Threat Intelligence Notes

LogBoost is capable of downloading and normalizing configurable text-based threat indicator feeds to a single SQLite DB and using this DB to enrich records during processing based on the 'type' of intelligence it was ingested as.

Over 90 open-source feeds are included by default - when the 'buildti' flag is used, the database is initialized for the first time - this is only required once. Subsequently, the 'updateti' flag can be used to download fresh copies of intelligence and ingest it into the existing database.
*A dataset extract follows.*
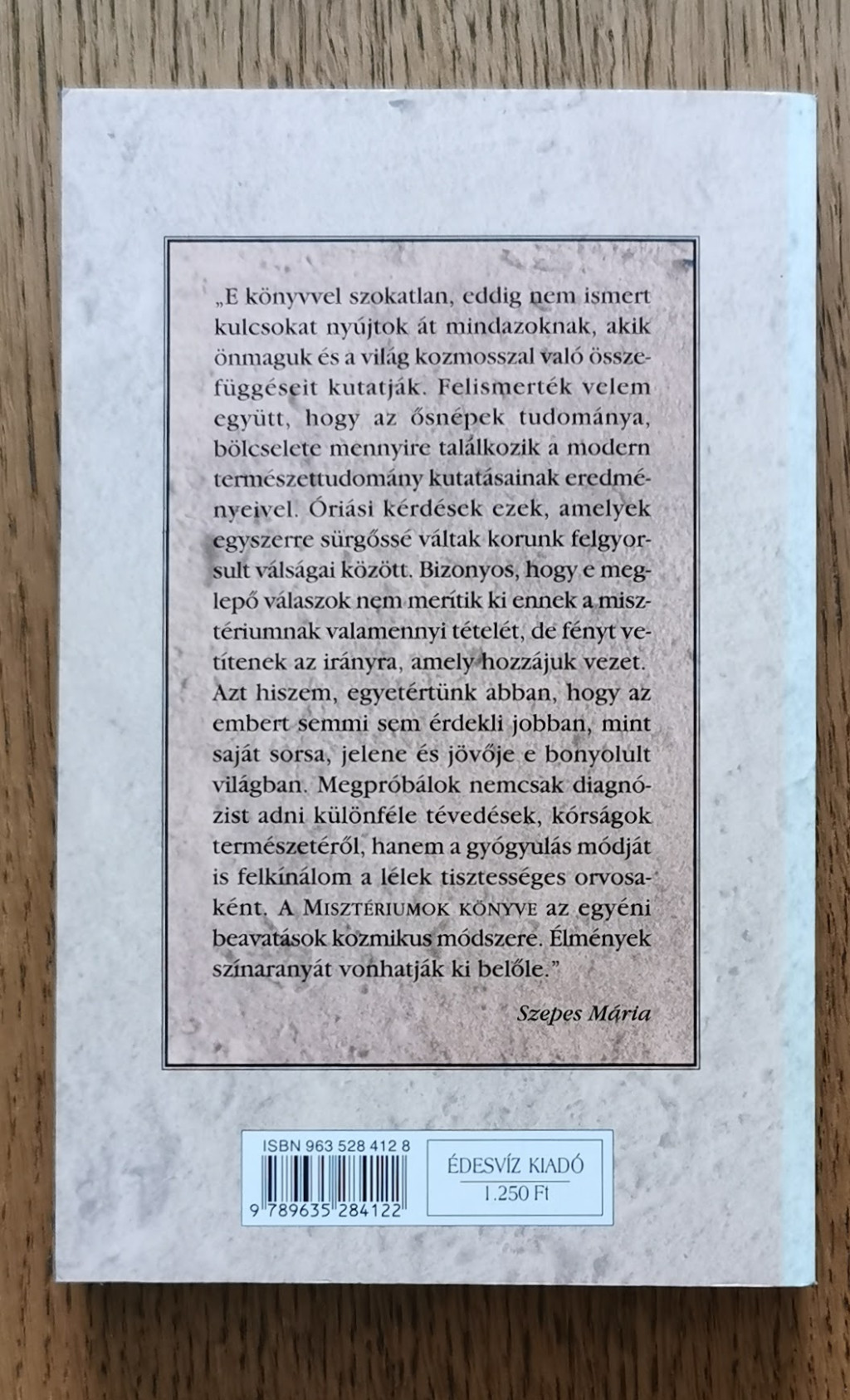"E könyvvel szokatlan; eddig nem ismert kulcsokat nyújtok át mindazoknak, akik önmaguk és a világ kozmosszal való összefüggéseit kutatják. Felismerték velem együtt, hogy az ősnépek tudománya, bölcselete mennyire találkozik a modern természettudomány kutatásainak eredményeivel. Óriási kérdések ezek, amelyek egyszerre sürgősség váltak korunk felgyorsult válságai között. Bizonyos, hogy e meglepő válaszok nem merítik ki ennek a misztériumnak valamennyi tételét, de fényt vetítenek az irányra, amely hozzájuk vezet. Azt hiszem, egyetértünk abban, hogy az embert semmi sem érdekli jobban, mint saját sorsa, jelene és jövője e bonyolult világban. Megpróbálok nemcsak diagnózist adni különféle tévedések, kórságok természetéről, hanem a gyógyulás módját is felkínálom a lélek tisztességes orvosaként. A Misztériumok könyve az egyéni beavatkozások kozmikus módszere. Élmények színaranyát vonhatják ki belőle."

This is not designed to be a TIP but rather a quick reference for hunting suspicious activity in logs.

When using '-updateti', if '-includedc' is used, an additional list of DataCenter IP addresses will be added to the DB - this will consume approximately ~7 GB of disk space and add ~129 million IP addresses. This is typically not necessary since LogBoost also includes a list of ASN Numbers that correspond to datacenters as sourced from https://github.com/X4BNet/lists_vpn/blob/main/input/datacenter/ASN.txt which is used to determine if any particular IP address belongs to a datacenter.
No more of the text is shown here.